Activity
Transcribe each entry exactly, without pictures.

Records for the exercise
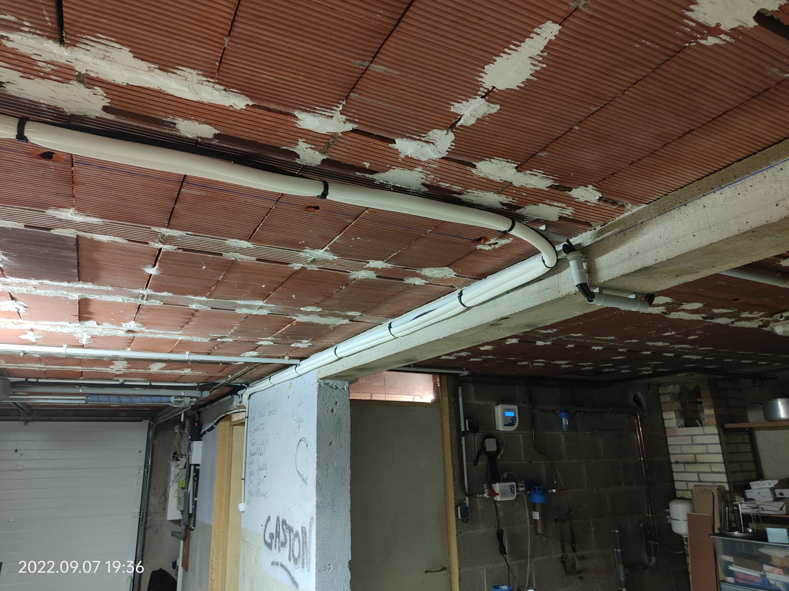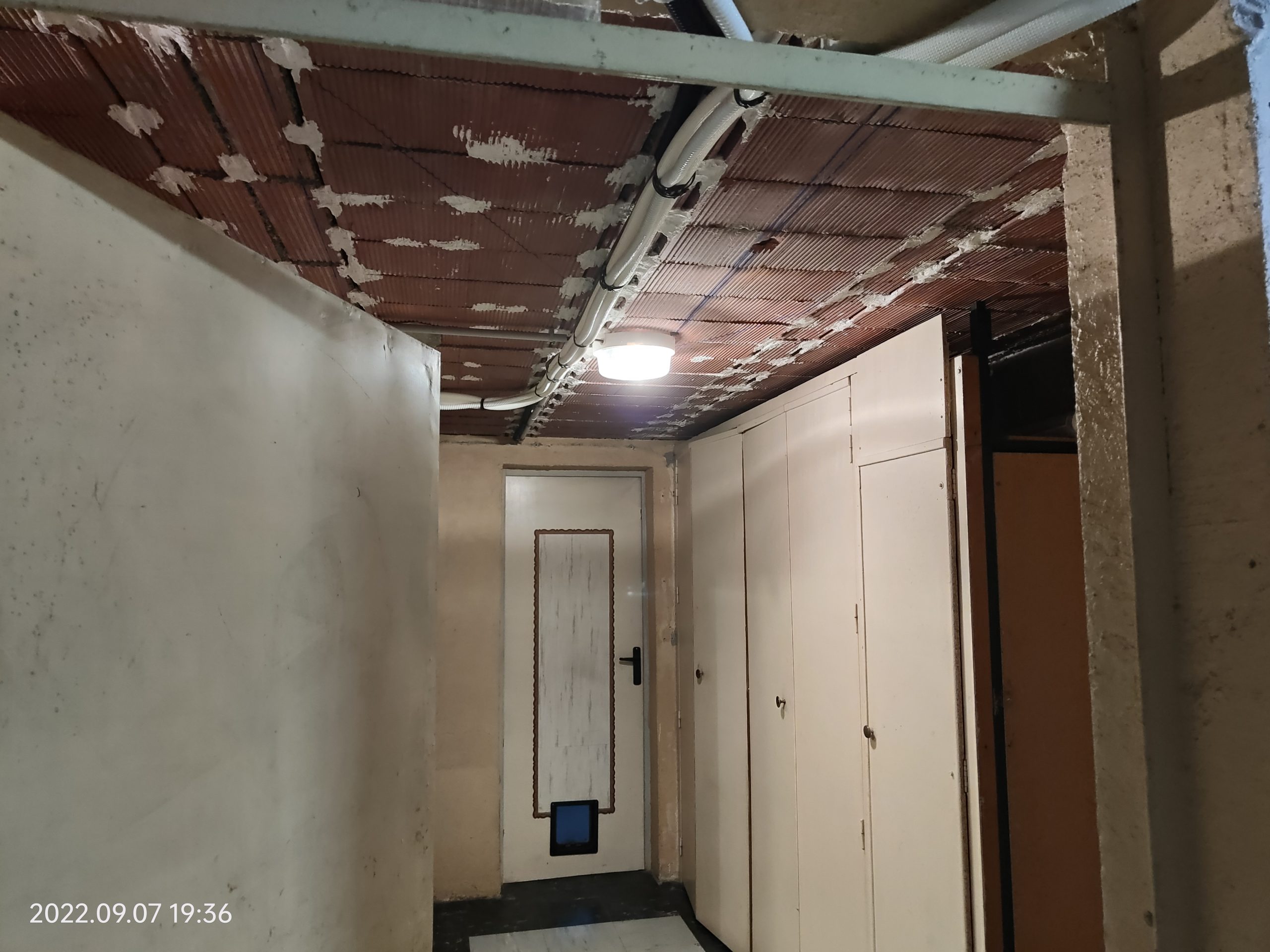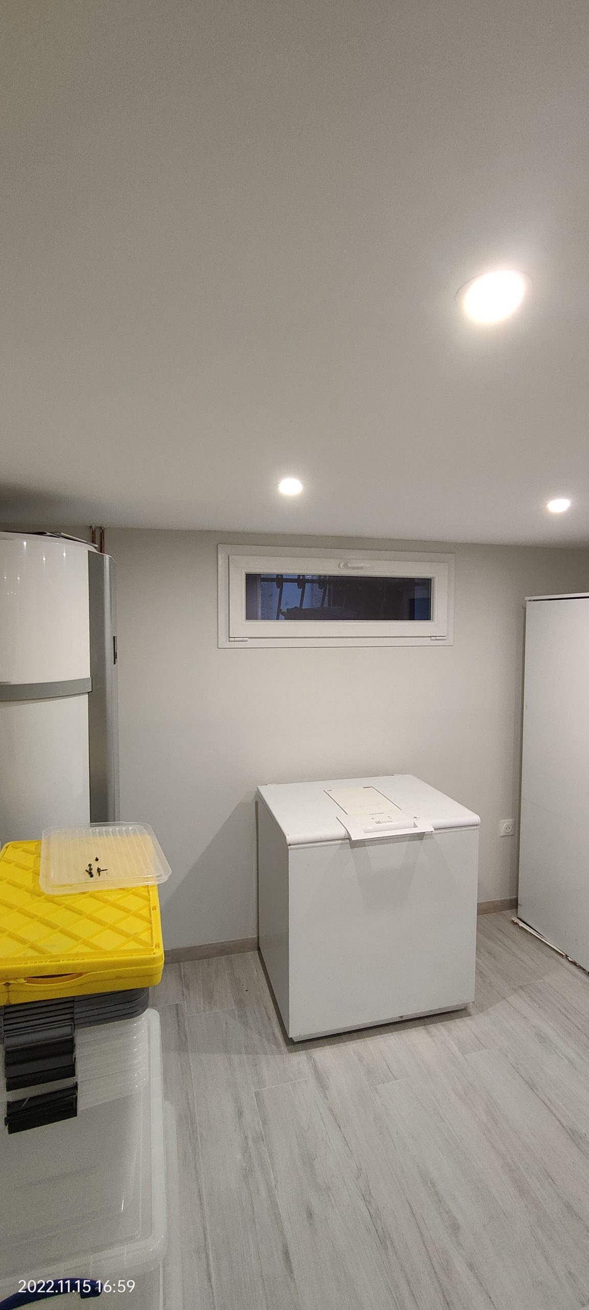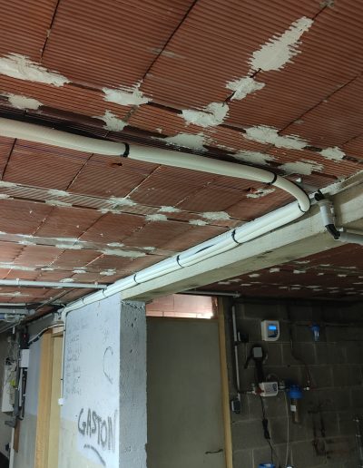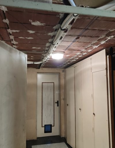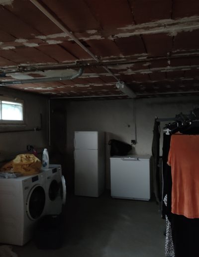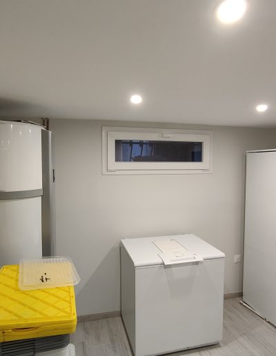 Assainissement & Isolation : Traitement des parois et pose d’un complexe isolant haute performance. La création de faux plafonds en placo a permis de dissimuler proprement les réseaux de tuyauterie et d’électricité tout en intégrant des éclairages LED modernes.
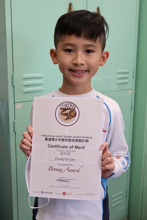 4B鍾智霖 榮獲 香港青少年壁球章別獎勵計劃 銅獎
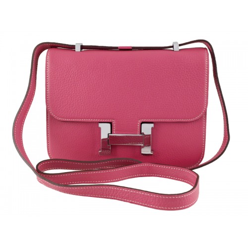 Borsa a tracolla singola Hermes Constance 23 in pelle Togo rosa
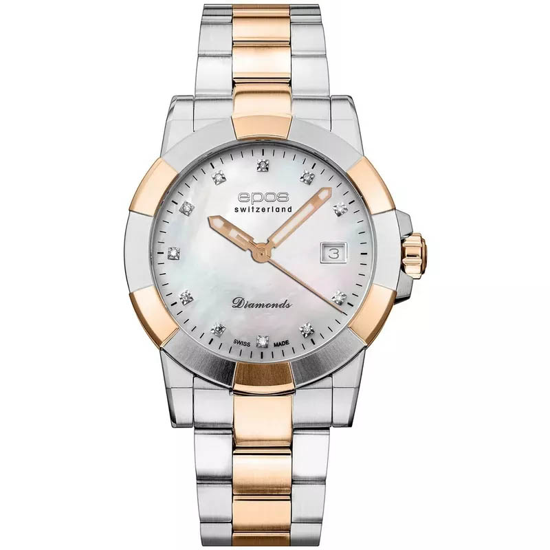- Epos 8001.700.32.80.42 — от 105 900 рублей. Хороший выбор в среднем ценовом сегменте: с золотистыми вставками и синтетическими бриллиантами.
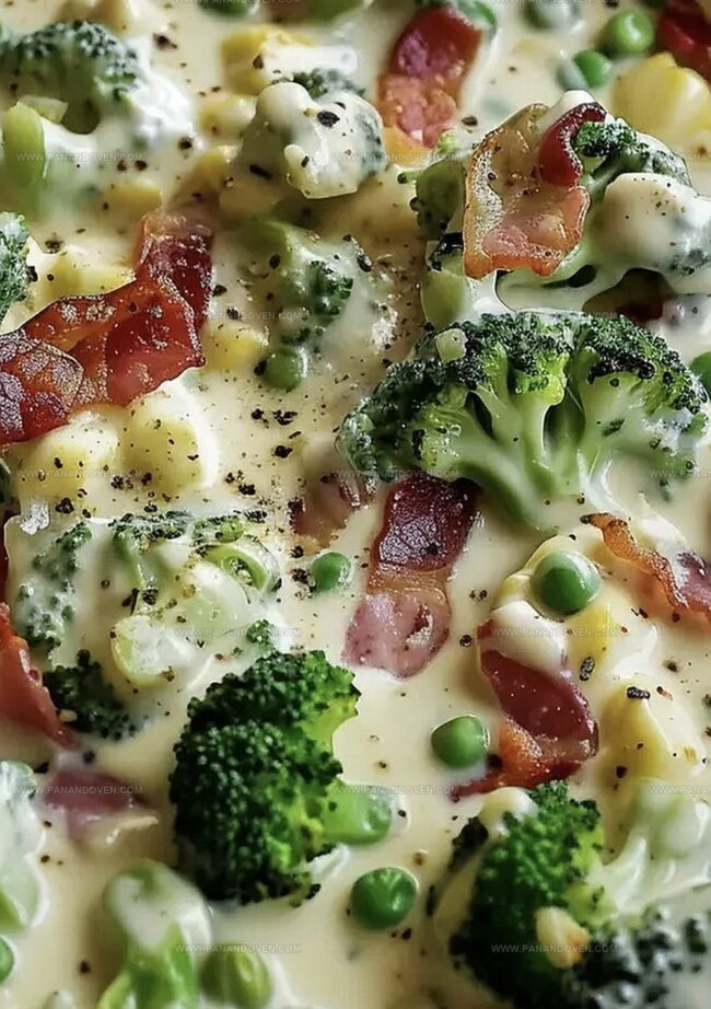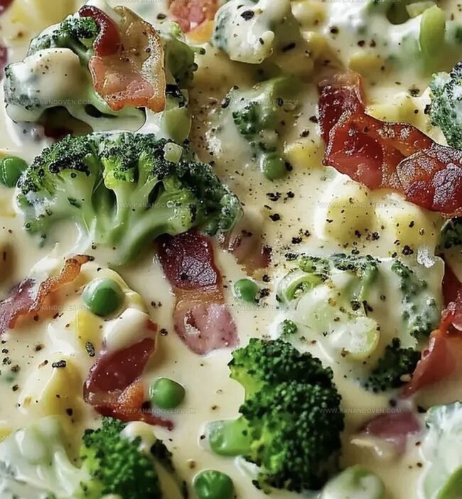 Fresh broccoli florets mingle with smoky bacon bits in a luxurious sauce that screams comfort food.
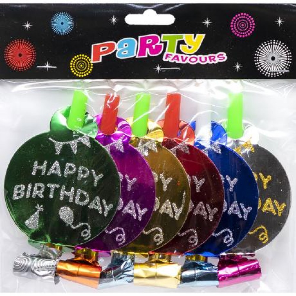 Набір карновальних фольгованих свистків з кругом кольоровим 6 штук 1698-10
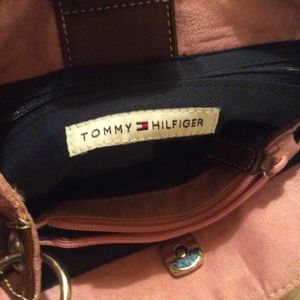 Tommy Hilfiger pink Swede handbag with brown trim. Snap closure. 10 x 12. In EUC
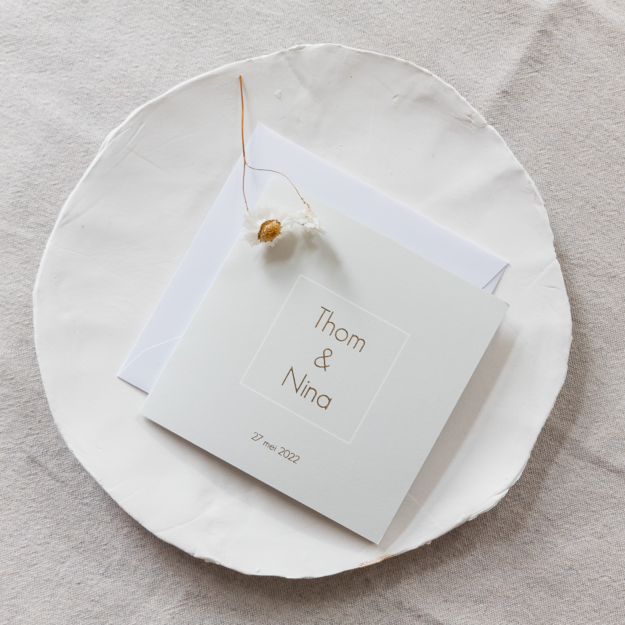 Strakke en eenvoudige trouwkaart in mint kleur. Natuurlijk is deze kleur aan te passen naar wens. En vind je tweezijdig foliedruk teveel? Je kunt er ook voor kiezen om de binnenkant met witte tekst te bedrukken. Of de binnenkant achtergrond wit te maken en de tekst weer in mint groen. Bestel altijd een proefdruk, zo zie je de kaart hoe hij wordt in het echt.
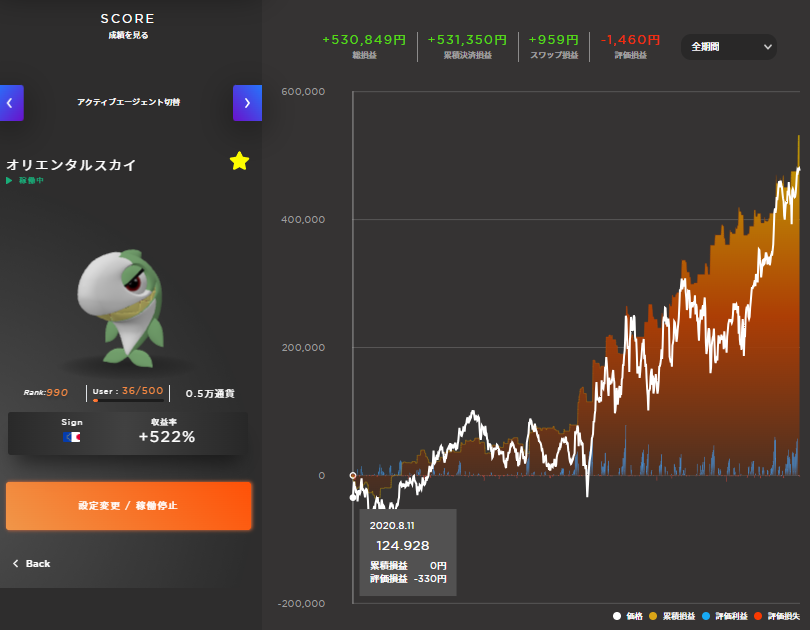 損益曲線を確認し、チャートの上昇下落に関係なく利益を積み重ねてるのが万能型のエージェント。
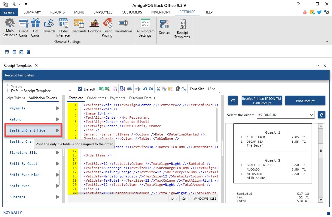 Added customer receipt template SeatingChartHide validation token to suppress the line for orders where a seating chart table is assigned

Output
 Assainissement & Isolation : Traitement des parois et pose d’un complexe isolant haute performance. La création de faux plafonds en placo a permis de dissimuler proprement les réseaux de tuyauterie et d’électricité tout en intégrant des éclairages LED modernes.
 4B鍾智霖 榮獲 香港青少年壁球章別獎勵計劃 銅獎
 Borsa a tracolla singola Hermes Constance 23 in pelle Togo rosa
- Epos 8001.700.32.80.42 — от 105 900 рублей. Хороший выбор в среднем ценовом сегменте: с золотистыми вставками и синтетическими бриллиантами.
 Fresh broccoli florets mingle with smoky bacon bits in a luxurious sauce that screams comfort food.
 Набір карновальних фольгованих свистків з кругом кольоровим 6 штук 1698-10
 Tommy Hilfiger pink Swede handbag with brown trim. Snap closure. 10 x 12. In EUC
 Strakke en eenvoudige trouwkaart in mint kleur. Natuurlijk is deze kleur aan te passen naar wens. En vind je tweezijdig foliedruk teveel? Je kunt er ook voor kiezen om de binnenkant met witte tekst te bedrukken. Of de binnenkant achtergrond wit te maken en de tekst weer in mint groen. Bestel altijd een proefdruk, zo zie je de kaart hoe hij wordt in het echt.
 損益曲線を確認し、チャートの上昇下落に関係なく利益を積み重ねてるのが万能型のエージェント。
 Added customer receipt template SeatingChartHide validation token to suppress the line for orders where a seating chart table is assigned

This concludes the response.